* _What is expected_: Below are records with pictures. Reproduce exactly the lines from the line with "截至发稿,美元指数涨幅扩大至" to the line with "Fresca FVN20-3636AW Fresca", inclusive, and leave each picture out.

* _Given data_:
_ _ _ _
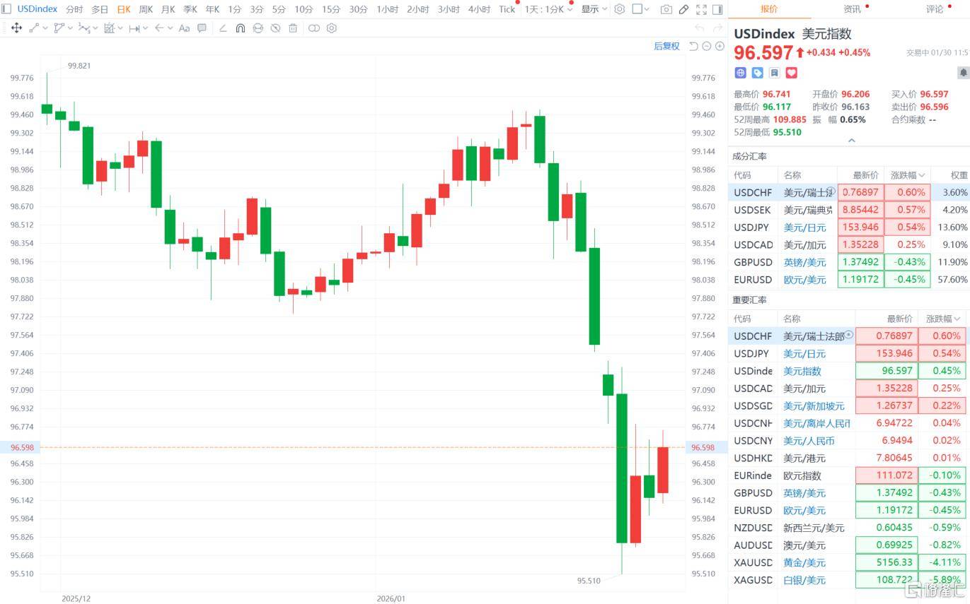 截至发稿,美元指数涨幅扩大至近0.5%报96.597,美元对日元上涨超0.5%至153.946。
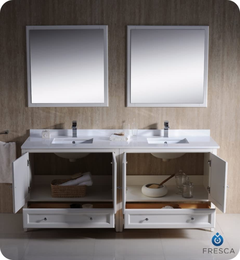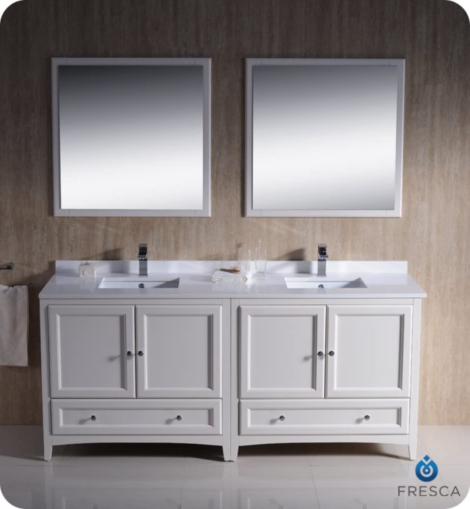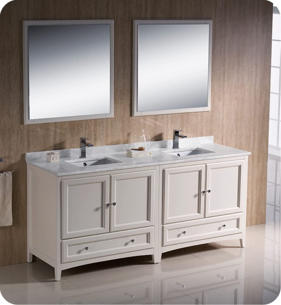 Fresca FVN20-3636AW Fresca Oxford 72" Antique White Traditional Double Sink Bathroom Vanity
_ _ _ _
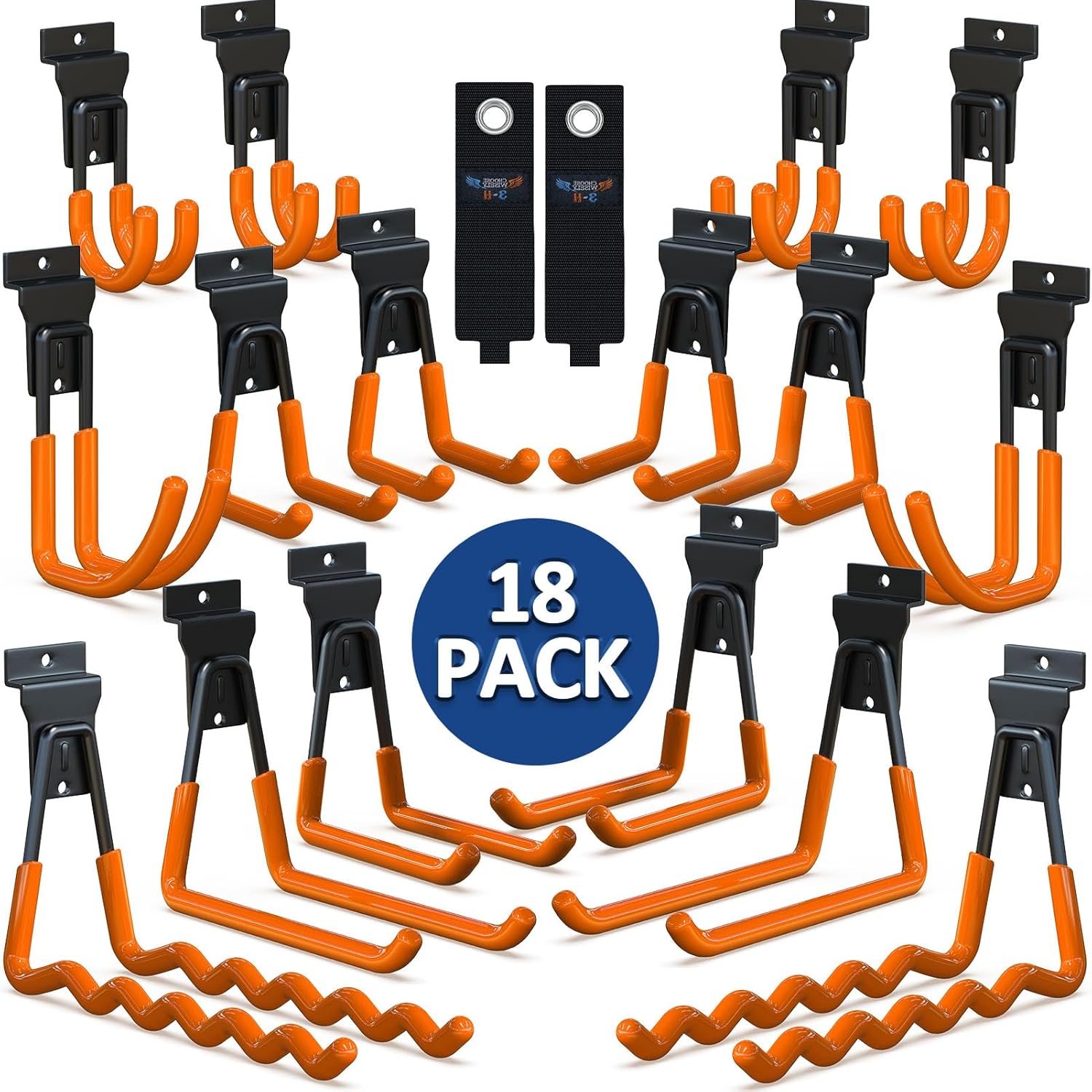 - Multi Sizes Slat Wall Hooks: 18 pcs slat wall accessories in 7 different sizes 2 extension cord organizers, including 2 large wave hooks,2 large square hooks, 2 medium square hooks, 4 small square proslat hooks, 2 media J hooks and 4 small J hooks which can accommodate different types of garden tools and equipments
_ _ _ _
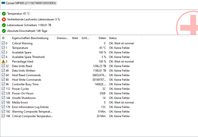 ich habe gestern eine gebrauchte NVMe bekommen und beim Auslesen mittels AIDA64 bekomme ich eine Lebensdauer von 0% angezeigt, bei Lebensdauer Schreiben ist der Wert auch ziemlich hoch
_ _ _ _
* _Solution to this problem_:
 截至发稿,美元指数涨幅扩大至近0.5%报96.597,美元对日元上涨超0.5%至153.946。
 Fresca FVN20-3636AW Fresca Oxford 72" Antique White Traditional Double Sink Bathroom Vanity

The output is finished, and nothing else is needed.